暴走を止める為にと、俺が突き刺しまくった氷の粒がゆっくりと溶かされている。
「てか慌てていたのは判るけど、ちょっとやり過ぎだぞ〜」
「うるせぇ!」
祈朴の体全体に出来た小さな傷と、其処から流れる朱色の液が床を汚していて。
軽い口調の地補に、気まずくなって視線をそらした。

この参上の原因は確実に天眠の所為だ。
祈朴が前髪を上げていることを知っていて、この家に天使を連れて来たのだから。

けど祈朴の暴走に慌てた俺が、思わず防御を一切しなかった祈朴に全力で攻撃してしまったのも事実。
近距離からの攻撃。
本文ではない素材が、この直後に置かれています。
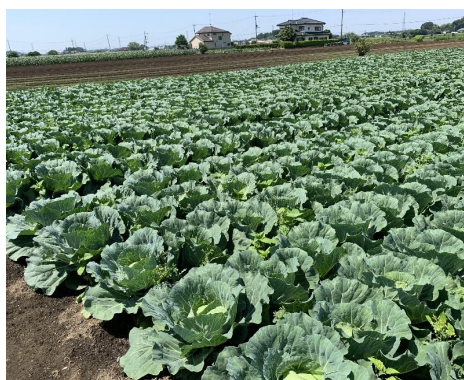
( 露地野菜の作付状況 )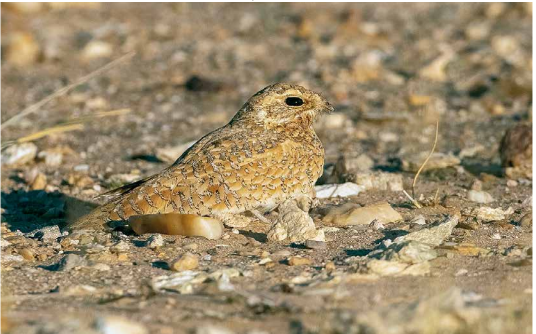
228 Golden Nightjar / Goudgele Nachtzwaluw Caprimulgus eximius , Oued Chiaf, c 55 km of Aousserd, Western Sahara, Morocco, 8 April 2019 (David Monticelli)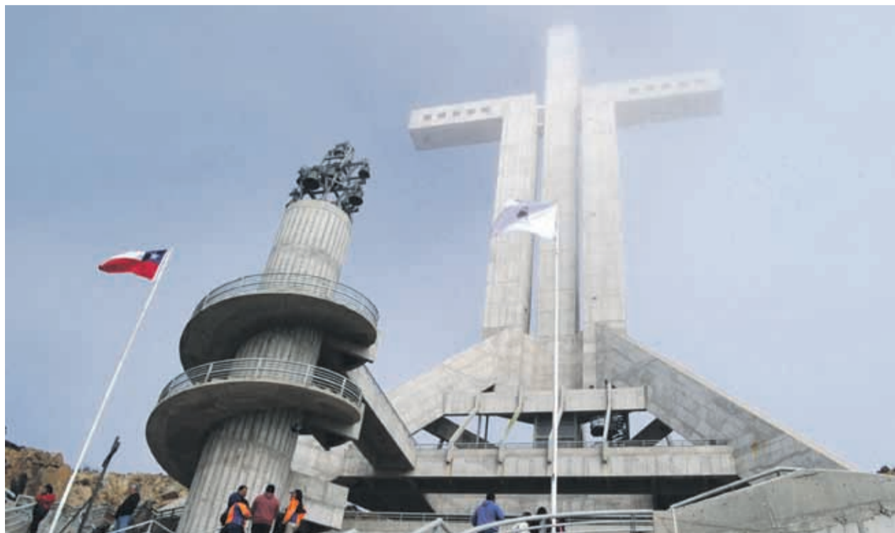
La situación en la Cruz comienza a ordenarse, pero siguen existiendo voces críticas.

小さい氷粒が大量に突き刺さるのは、大きな刃で刺される一撃よりも痛かったはず。
それでも俺に攻撃をし返すことなく、しっかり気絶して見せた祈朴は偉いと褒めてやっても良いだろう。
俺ならきっと、俺を攻撃してきたヤツを攻撃し返す。それが例え、力の暴走を止めるためであっても。

「……祈朴には、起きたときに謝る」
言いたくもなかったけど、一応ぼそりと呟く。地補からくつくつと喉で笑う声が聞えた。